BEGIN DATASET

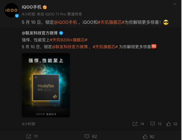 【本站】5月5日消息,联发科技官方今日宣布,将于5月10日正式发布旗舰芯片天玑9200+。消息称,iQOO Neo系列的首款"Pro"产品iQOO Neo8 Pro,将会是首个搭载该芯片的手机。
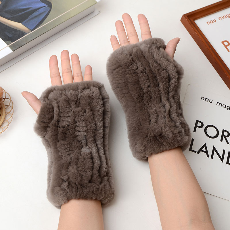 남성과 여성을위한 렉스 토끼 헤어 짠 장갑 겨울 두꺼운 따뜻한 모든 매치 팔찌 달콤한 귀여운 반 손가락 탄성 슬리브 손가락 누출스토어 가기
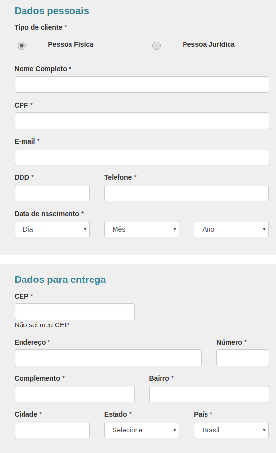 Aqui você preenche o formulário com seus dados (identificação, contato e endereço para entrega).
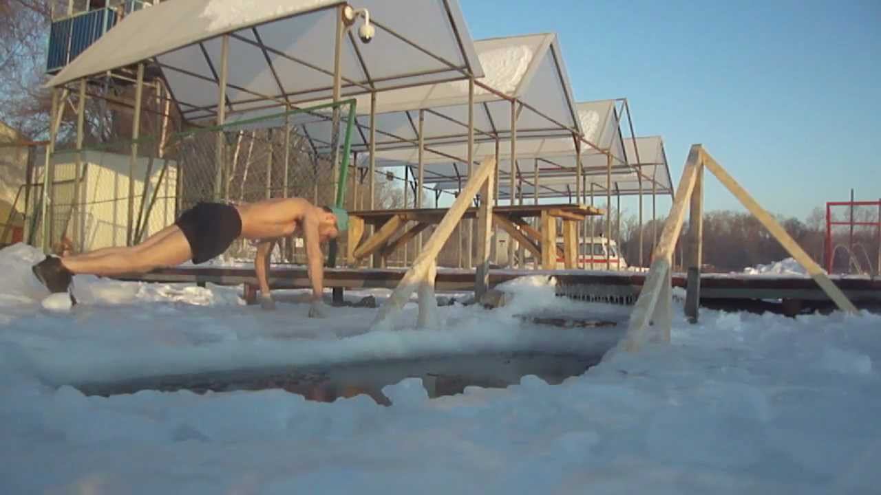 Моржевание. Мороз -18 С. Солнечное тихое морозное утро
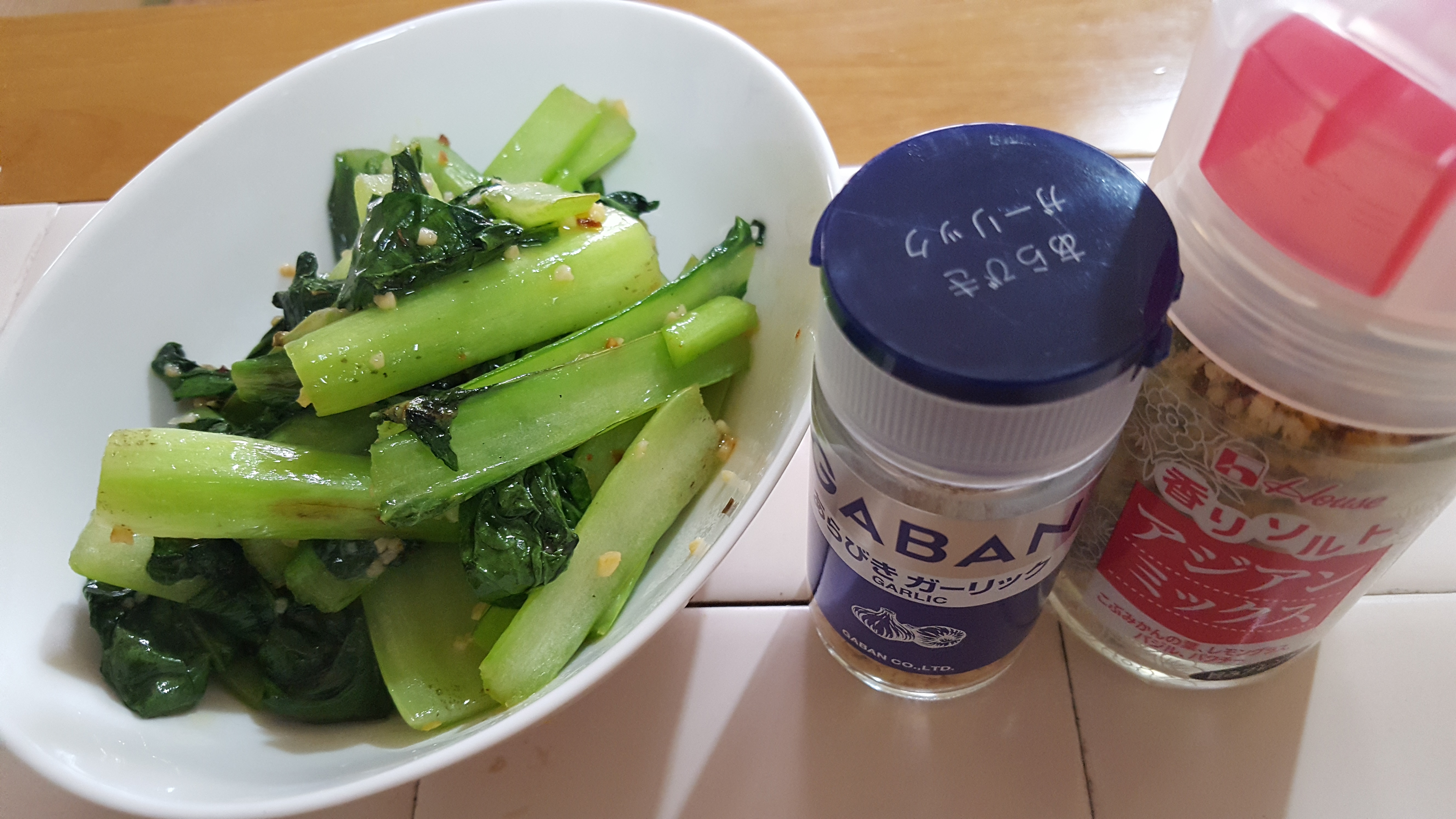 材料(二人前) 小松菜……2束 オリーブオイル……大匙1 香りソルトアジアンミックス……小匙2 GABANあらびきガーリック……小匙1 白ワイン……小匙1
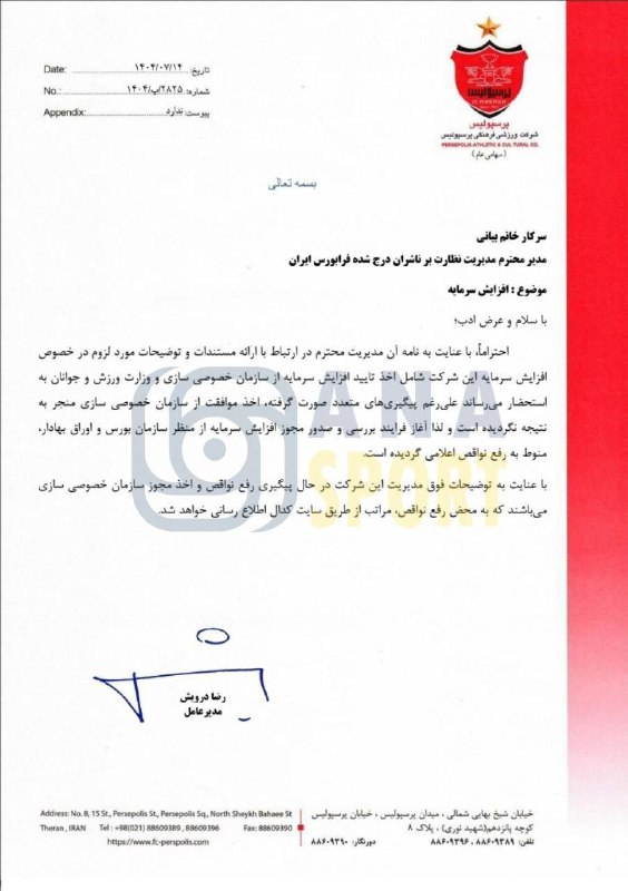 باشگاه پرسپولیس با ارسال نامهای و انتشار آن در سایت کدال، خبر از نهایی نشدن موضوع افزایش سرمایه این باشگاه شد.
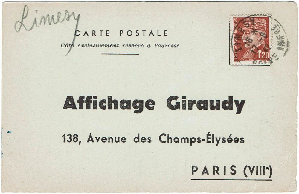 | Cartes postales ordinaires : avec réponse payée | 1,10 f. |
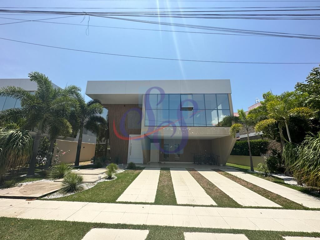 Casa duplex moderna com fachada toda no vidro no Alphaville Fortaleza, a casa possui 4 amplas suítes, pé direito duplo, escritório, dependência de empregada, varanda gourmet, cozinha com ilha, deck com churrasqueira, banheiro externo, piscina com raia, área construída 474m2, 6 banheiros, 3 vagas de garagem, terreno de 525m².
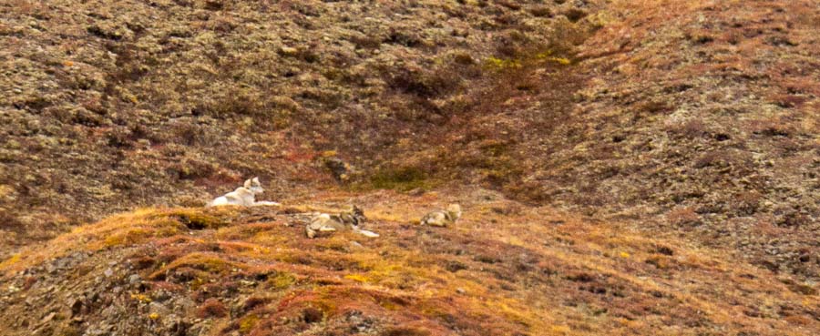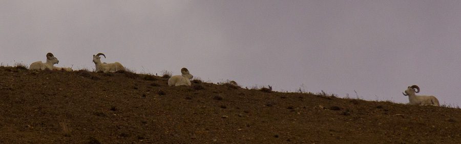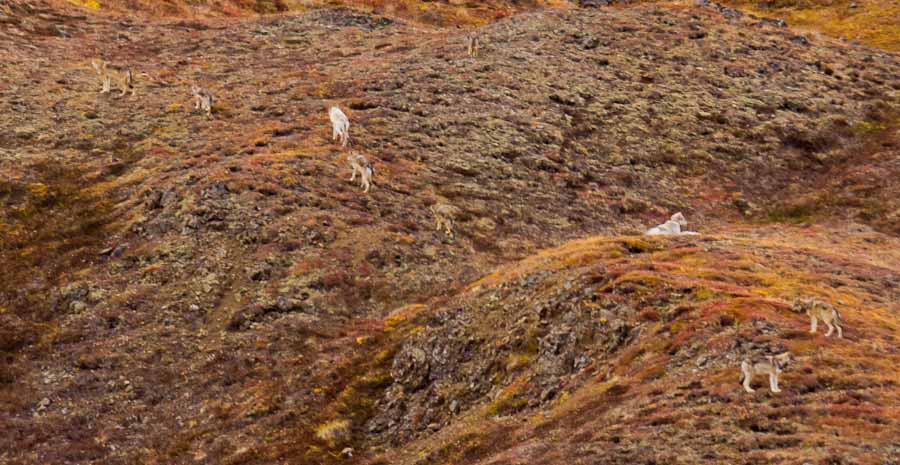Our first view of wildlife was a lone coyote on a hill, silhouetted on the skyline. We then came across Dall sheep, great vistas and grizzly bear. At one point we stopped for a particular landscape view and Meriam said “I think I hear wolves howling!” I responded “No, that’s just the wind.” Well, guess who was wrong! Off to our right, on the side of a hill, was a pack of wolves! We counted a total of 12. The bus driver said this was his first sighting, having driven the bus every day for the entire summer. What luck and what an experience! We must have watched them for at least 15 minutes as they milled around together. Time forced us to continue on. Oh hum… More bears, more vistas, more great views of Mt. McKinley until we reached our turnaround point at Eielson Visitor Center about 66 miles into the park. After a 30 minute stop, we began our return.
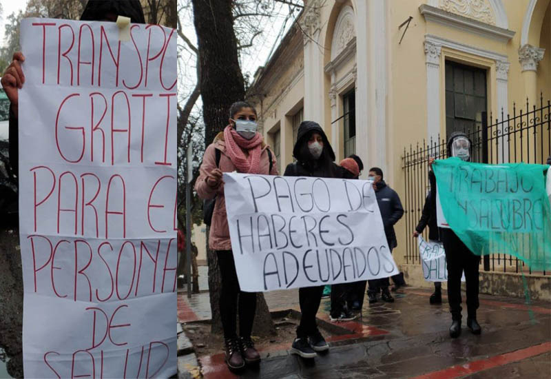 Los enfermeros contratados por la pandemia reclaman que todo el trabajo está recayendo sobre sus hombros y que son los peores remunerados. Manifestaron que de los seis meses que llevan en actividad sólo cobraron un sueldo y la suma es de menos de 25 mil pesos.
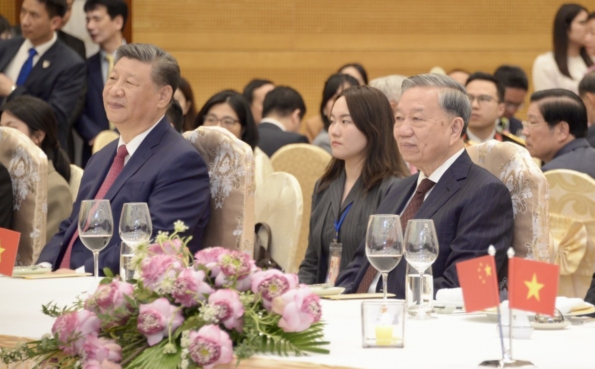 Tối nay tại Hà Nội, thay mặt các lãnh đạo Đảng, Nhà nước Việt Nam Tổng Bí thư Tô Lâm và Chủ tịch nước Lương Cường chủ trì tiệc chiêu đãi cấp nhà nước Tổng Bí thư, Chủ tịch Trung Quốc Tập Cận Bình và đoàn đại biểu cấp cao Trung Quốc đang có chuyến thăm cấp Nhà nước tới nước ta. Cùng dự có Thủ tướng Phạm Minh Chính và Chủ tịch Quốc hội Trần Thanh Mẫn.
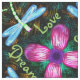 Neon Dragonfly is a repeating pattern of brightly glowing green dragonflies with iridescent turquoise wings flying around a glowing pink and purple flower. The dragonflies and flower stand out brightly against the primarily dark background of black with shimmers of light in orange-gold and green which gives the feeling of reflections on water at night. This is an original pattern hand drawn by Sue Chastain © 2015.
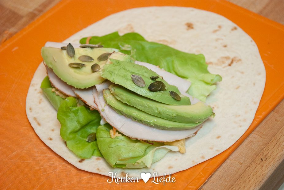 Leg het blaadje kropsla op de wrap en beleg met de overige ingrediënten.
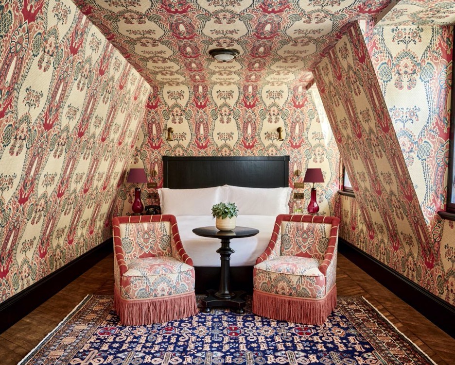 “La Valette” wallpaper by Maison Pierre Frey covers virtually every surface in this bedroom, creating a cohesive and elegant overall look.
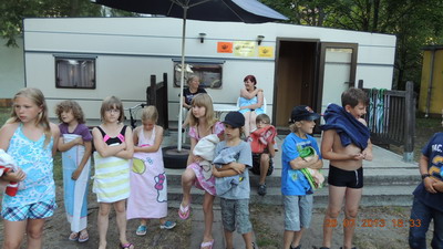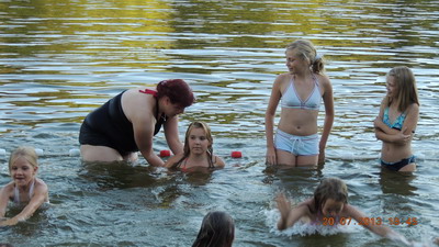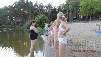 Vor dem Badespaß haben die Gruppenleiter noch die Belehrung zum Baden
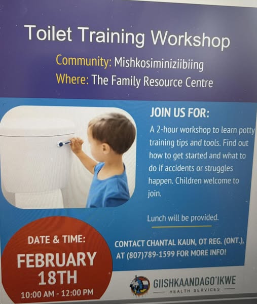 • Wed 2/18/2026: TOILET TRAINING WORKSHOP FEBRUARY 18 10am-12pm Family Resource Centre 700 Tobacco Rd.
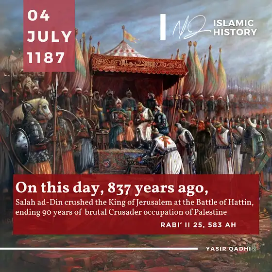 This July 4th, as people around the world celebrate the liberation of America, let us Muslims celebrate the liberation of Palestine. Today marks the 837th anniversary of the Battle of Hattin, a pivotal battle that changed the course of Islamic history. Salah ad-Din’s devotion to Allah and his deep attachment to the Quran set him apart, earning him the title of the Great Liberator of Jerusalem. May we be inspired by his legacy and may Allah grant our Ummah victory. #BattleOfHattin#SalahAdDin#Liberation#Freedom#July4th
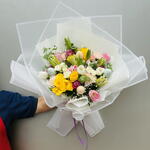 Отпразднуйте Пасху с нашим элегантным букетом ручной работы, в состав которого входят 2 белые лилии, 3 белых тюльпана, 3 розовых тюльпана, 4 фиолетовые розы, 4 желтые розы, 2 розовые кустовые розы, 2 белые кустовые розы, 4 розовые гвоздики, свежий эвкалипт, нежная гипсофила и 4 декоративных пасхальных яйца. Букет красиво упакован в высококачественную белую пленку с мягкой бумагой для роскошного весеннего завершения — идеально подходит для подарка, украшения дома или добавления праздничного настроения к вашему пасхальному торжеству. 🌸🐣✨
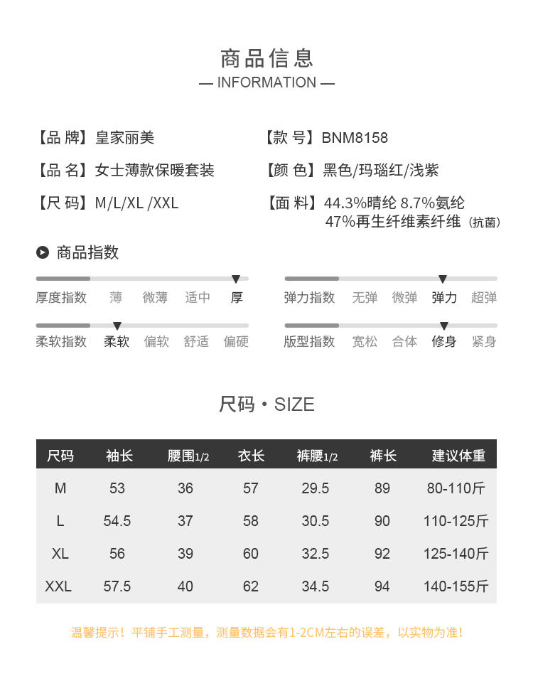 皇家丽美秋季女士德绒打底保暖套装 BNM8158
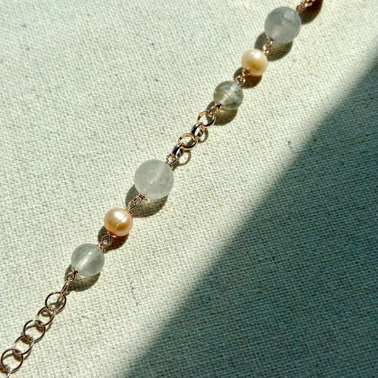 Green Agate And Prehnite Mixed Freshwater Pearl Beaded Two-way Necklace

END DATASET

▶ PROBLEM TO WORK ON:
Every entry above needs to be printed again exactly, with its pictures left out.

▶ EXERCISE RESPONSE:
 【本站】5月5日消息,联发科技官方今日宣布,将于5月10日正式发布旗舰芯片天玑9200+。消息称,iQOO Neo系列的首款"Pro"产品iQOO Neo8 Pro,将会是首个搭载该芯片的手机。
 남성과 여성을위한 렉스 토끼 헤어 짠 장갑 겨울 두꺼운 따뜻한 모든 매치 팔찌 달콤한 귀여운 반 손가락 탄성 슬리브 손가락 누출스토어 가기
 Aqui você preenche o formulário com seus dados (identificação, contato e endereço para entrega).
 Моржевание. Мороз -18 С. Солнечное тихое морозное утро
 材料(二人前) 小松菜……2束 オリーブオイル……大匙1 香りソルトアジアンミックス……小匙2 GABANあらびきガーリック……小匙1 白ワイン……小匙1
 باشگاه پرسپولیس با ارسال نامهای و انتشار آن در سایت کدال، خبر از نهایی نشدن موضوع افزایش سرمایه این باشگاه شد.
 | Cartes postales ordinaires : avec réponse payée | 1,10 f. |
 Casa duplex moderna com fachada toda no vidro no Alphaville Fortaleza, a casa possui 4 amplas suítes, pé direito duplo, escritório, dependência de empregada, varanda gourmet, cozinha com ilha, deck com churrasqueira, banheiro externo, piscina com raia, área construída 474m2, 6 banheiros, 3 vagas de garagem, terreno de 525m².
Our first view of wildlife was a lone coyote on a hill, silhouetted on the skyline. We then came across Dall sheep, great vistas and grizzly bear. At one point we stopped for a particular landscape view and Meriam said “I think I hear wolves howling!” I responded “No, that’s just the wind.” Well, guess who was wrong! Off to our right, on the side of a hill, was a pack of wolves! We counted a total of 12. The bus driver said this was his first sighting, having driven the bus every day for the entire summer. What luck and what an experience! We must have watched them for at least 15 minutes as they milled around together. Time forced us to continue on. Oh hum… More bears, more vistas, more great views of Mt. McKinley until we reached our turnaround point at Eielson Visitor Center about 66 miles into the park. After a 30 minute stop, we began our return.
 Los enfermeros contratados por la pandemia reclaman que todo el trabajo está recayendo sobre sus hombros y que son los peores remunerados. Manifestaron que de los seis meses que llevan en actividad sólo cobraron un sueldo y la suma es de menos de 25 mil pesos.
 Tối nay tại Hà Nội, thay mặt các lãnh đạo Đảng, Nhà nước Việt Nam Tổng Bí thư Tô Lâm và Chủ tịch nước Lương Cường chủ trì tiệc chiêu đãi cấp nhà nước Tổng Bí thư, Chủ tịch Trung Quốc Tập Cận Bình và đoàn đại biểu cấp cao Trung Quốc đang có chuyến thăm cấp Nhà nước tới nước ta. Cùng dự có Thủ tướng Phạm Minh Chính và Chủ tịch Quốc hội Trần Thanh Mẫn.
 Neon Dragonfly is a repeating pattern of brightly glowing green dragonflies with iridescent turquoise wings flying around a glowing pink and purple flower. The dragonflies and flower stand out brightly against the primarily dark background of black with shimmers of light in orange-gold and green which gives the feeling of reflections on water at night. This is an original pattern hand drawn by Sue Chastain © 2015.
 Leg het blaadje kropsla op de wrap en beleg met de overige ingrediënten.
 “La Valette” wallpaper by Maison Pierre Frey covers virtually every surface in this bedroom, creating a cohesive and elegant overall look.
 Vor dem Badespaß haben die Gruppenleiter noch die Belehrung zum Baden
 • Wed 2/18/2026: TOILET TRAINING WORKSHOP FEBRUARY 18 10am-12pm Family Resource Centre 700 Tobacco Rd.
 This July 4th, as people around the world celebrate the liberation of America, let us Muslims celebrate the liberation of Palestine. Today marks the 837th anniversary of the Battle of Hattin, a pivotal battle that changed the course of Islamic history. Salah ad-Din’s devotion to Allah and his deep attachment to the Quran set him apart, earning him the title of the Great Liberator of Jerusalem. May we be inspired by his legacy and may Allah grant our Ummah victory. #BattleOfHattin#SalahAdDin#Liberation#Freedom#July4th
 Отпразднуйте Пасху с нашим элегантным букетом ручной работы, в состав которого входят 2 белые лилии, 3 белых тюльпана, 3 розовых тюльпана, 4 фиолетовые розы, 4 желтые розы, 2 розовые кустовые розы, 2 белые кустовые розы, 4 розовые гвоздики, свежий эвкалипт, нежная гипсофила и 4 декоративных пасхальных яйца. Букет красиво упакован в высококачественную белую пленку с мягкой бумагой для роскошного весеннего завершения — идеально подходит для подарка, украшения дома или добавления праздничного настроения к вашему пасхальному торжеству. 🌸🐣✨
 皇家丽美秋季女士德绒打底保暖套装 BNM8158
 Green Agate And Prehnite Mixed Freshwater Pearl Beaded Two-way Necklace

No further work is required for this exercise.